Learning to forgive a painful past
Deline man recalls the TB epidemic

Terry Halifax
Northern News Services

DELINE (Nov 01/99) - When sickness came North, treatment went south and often, so did many of the patients. Some came back and other didn't.

Deline resident Morris Neyelle said when the tuberculosis epidemic swept through the North, patients were rounded up and treated like animals.

His mother, Jane, was in treatment in Fort Simpson before flying south to Edmonton. She told him of life in the infirmary in Simpson.

"Sometimes if I was alone with her, she would cry about it -- about the way the Grey Nuns would treat her and the people, just because they were natives," he said. "They treated our people like dogs and that's what pisses me off."

Jane trusted the church and the advice of the nuns, so she went without question, Morris recalled.

"In those days they didn't know," he said. "The Dene people trusted the Catholics with their whole heart ... it always bothered me the way they treated her."

While his mom was taken away, Morris and his brother were left to fend for themselves, until again, the church intervened.

"When they took her, I was six and Charlie was 12. My dad was working in Inuvik, on the new school," he recalled. "Charlie and I were left here as orphans, so they sent us off to residential school in Aklavik."

He said the two were worried if they would ever see their parents or Deline again.

"I was always wondering where our parents were and no one would tell us," he said.

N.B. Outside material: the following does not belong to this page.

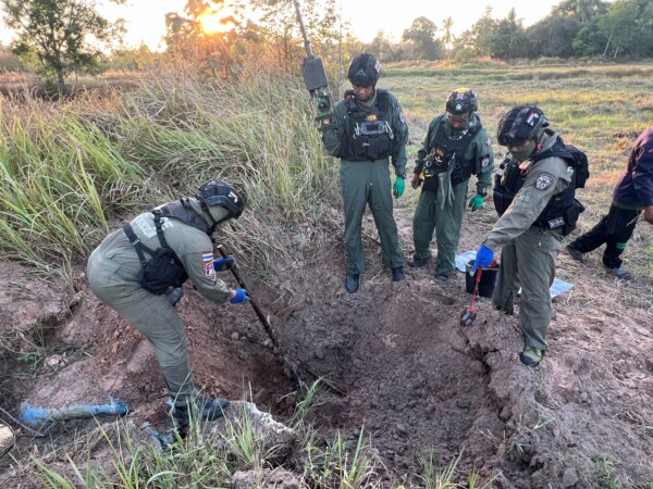 เมื่อวันที่ 31 ม.ค.69 ที่บ้านโนนสว่าง หมู่ 5 ต.เสาธงชัย อ.กันทรลักษ์ จ.ศรีสะเกษ ร.ต.อ.ธีรภัทร นามมั่น หัวหน้าชุด เก็บกู้และทำลายวัตถุระเบิด (EOD กก.ตชด.22) ได้นำเจ้าหน้าที่ EOD จังหวัดศรีสะเกษ เร่งเก็บกู้เเละทำลายวัตถุระเบิดตามแนวชายแดนเขาพระวิหาร หลังได้รับแจ้งจากชาวบ้านว่าพบระเบิดตกอยู่ในทุ่งนาบ้านโนนสว่าง หมู่ 5 ต.เสาธงชัย โดยเมื่อเจ้าหน้าที่เดินทางมาถึงก็ได้มีการตรวจสอบวัตถุระเบิดดังกล่าว พบว่า เป็นลูกกระสุนปืนใหญ่ ขนาด 105 มม. และระเบิดยังทำงานไม่สมบูรณ์ เจ้าหน้าที่จึงได้ขุดระเบิดออก เพื่อนำไปทำลาย และอีกจุดหนึ่งพบที่หลุมเดิมตัวบูสเตอร์ตัวเร่งปฏิกิริยาการระเบิด หลุดออกจากระเบิด เจ้าหน้าที่จึงได้มีการเก็บไปทำลายพร้อมกันด้วย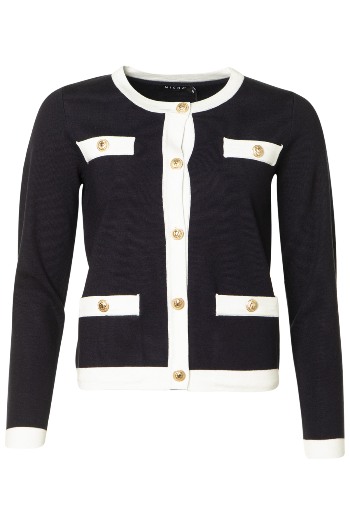 Micha Cardigan Daejeon, är en elegant cardigan i Chanell-stil. Koftan är rak i modellen och normal i passformen och har vita kanter runt om.

Meanwhile, his mother was admitted to the Fort Simpson infirmary, where she told him the food served was rotten and sometimes infested with maggots. If the patients wouldn't eat the food, they weren't given any more.

"They wouldn't serve the next meal until they ate that one," he said. "Because of that, people died -- they starved to death."

"She said there was a certain lady from Fort Liard, who was so upset from the food, she wouldn't eat it, she would just slam it on the floor," Morris said.

When his father learned of Jane's treatment, he prepared a package of food and a letter demanding better treatment for his ailing wife.

"He wrote a nasty letter to that doctor and sent a bag of Dene food," he said. "They spread out a cloth and laid all this food out on it -- clean, fresh food; dry meat and fish."

"When they saw that, they were cooking for her every day and in one week, she gained 11 pounds," he added.

His father's efforts to help his wife didn't end there, Morris said.

"They made a plan to get her out of there," Morris said. "One morning, the doctor came in and said, 'We have good news for you Jane, you're going to a hospital in Edmonton.'"

Morris said that to Jane, this was not exactly good news. She would be going farther away from her home and her family; she didn't know what to expect in Edmonton and she worried she might be treated worse than she was in Simpson.

When the day came to leave, she left her sick bed for the first time since she'd arrived in Simpson.

"She stayed on that bed for 10 months, she never put her foot on the ground once," Morris said. "The first step she took on solid ground, she cried."

He said that once in Edmonton, his mother was relieved and started to feel better than she had in months.

"The next morning on a plate there was bacon and eggs," he said. "As soon as she saw that, she said she knew she would live."

As she gained her weight and health back, and after 18 months, Jane returned home to Deline and so did the boys.

Despite the treatment of his mother, his brother and himself at the hands of the Grey Nuns, the priests, the residential school and the hospital this man holds no real grudge.

He says his real peace came from absolution.

"Forgiveness is the biggest thing you can do for yourself," Morris said and smiled.

"Time will tell," Morris said. "When judgement day comes, they will have to answer for that."